I was thinking about a question that Eric Haines posed to me at SIGGRAPH and came across a particularly satisfying fallacy in the process.  I’ll talk about Eric’s question in a later post, and explain what it has to do with fast rendering (specifically acceleration structure construction heuristics).


For now, I would like to convince you that the perimeter of a circle with radius 1 is exactly 8.  However, before I attempt such an outrageous feat, I’ll show you a convenient method to approximate the area of a circle.  To begin, we will construct a square enclosing our circle.  We can compute the area of this square, 4, as a very crude approximation of the area of our circle of radius 1.  

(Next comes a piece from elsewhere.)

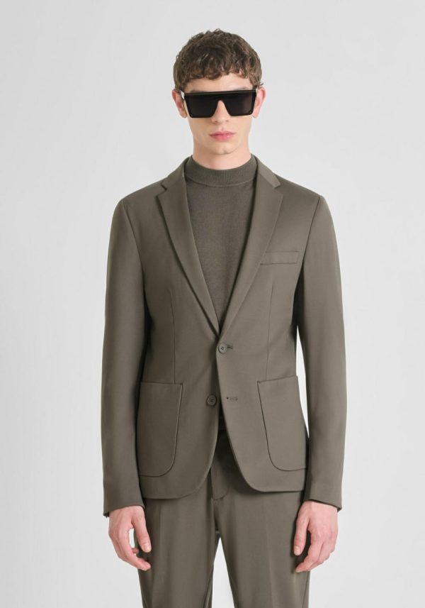 Single-breasted jacket with slim fit, two button fastening and classic lapel. Made of bi-stretch fabric suitable to accompany every movement and perfect to ensure high comfort. The model is completed by two large pockets, buttons on the bottom of the sleeve and small slit at the back.
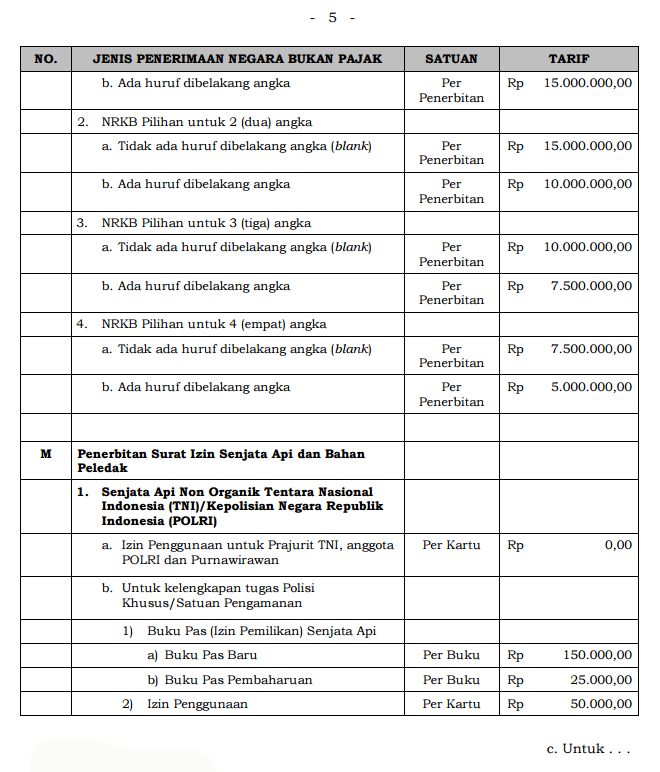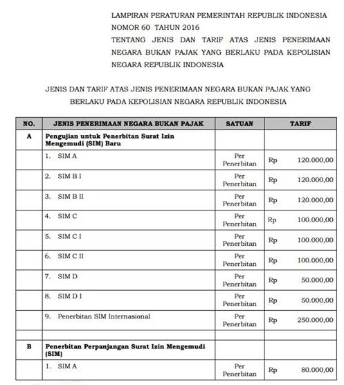 DEPOKNET – Berlaku sejak 6 Januari 2017, jenis Penerimaan Negara Bukan Pajak (PNBP) yang berlaku pada Kepolisian Negara Republik Indonesia dinaikkan tarifnya.

Next, we will make a better approximation.  Divide the square into 4 smaller squares, and then divide each of these squares into 4 smaller squares, and so on.  After subdividing n times, we will have 4^n squares each with area 1/4^{n-1}.  If we then throw away all of the squares that don’t cover any part of the circle, we’ll arrive at successively better approximations to the shape of the circle, as well as its area.  This approach to approximating the area of a circle is a quite literal example of quadrature.

two and three levels of subdivision

We can use this same approximation to the circle to show that it’s perimeter is exactly 8 units long.  First consider our original square, whose perimeter is 8 units long.  Amazingly, even after subdividing a few times, the perimeter of our remaining squares is still exactly 8 units long.  Since further subdivision makes this bounding curve into a better and better approximation of the circle, while keeping its length fixed, the circle’s boundary (aka. its perimeter) must also be exactly 8 units long.


What’s wrong here?  Or to be even more pointed, why does the proposed quadrature method work for approximating the area of a circle, but not work for approximating its perimeter?

I thought I knew a satisfactory answer to this question, but upon deeper reflection I realized I have no clue.  One cursory answer to the question is to point out that just because something is true for every element of a sequence does not mean it is still true in the limit.  While true, this answer doesn’t also explain why the quadrature method above works to approximate the area.

Since I don’t want to leave you empty handed, I’ll pass along a theorem I read that’s useful for designing quadrature methods that work.


Let R_n be a sequence of convex figures converging upon the convex figure L.  Then the perimeters and areas of the sequence converge on the perimeter and area of L.  That is,

if R_n\to L all convex, then \mu(R_n)\to\mu(L)

where \mu stands for either the perimeter or area of the figure.

A good example of such an approach is to approximate the circle by enclosing regular polygons, P_n, where n stands for the number of sides.  Even a crude approximation of our circle by a hexagon yields approximate area 3.1547 and approximate circumference 6.9282, a much better guess than 8.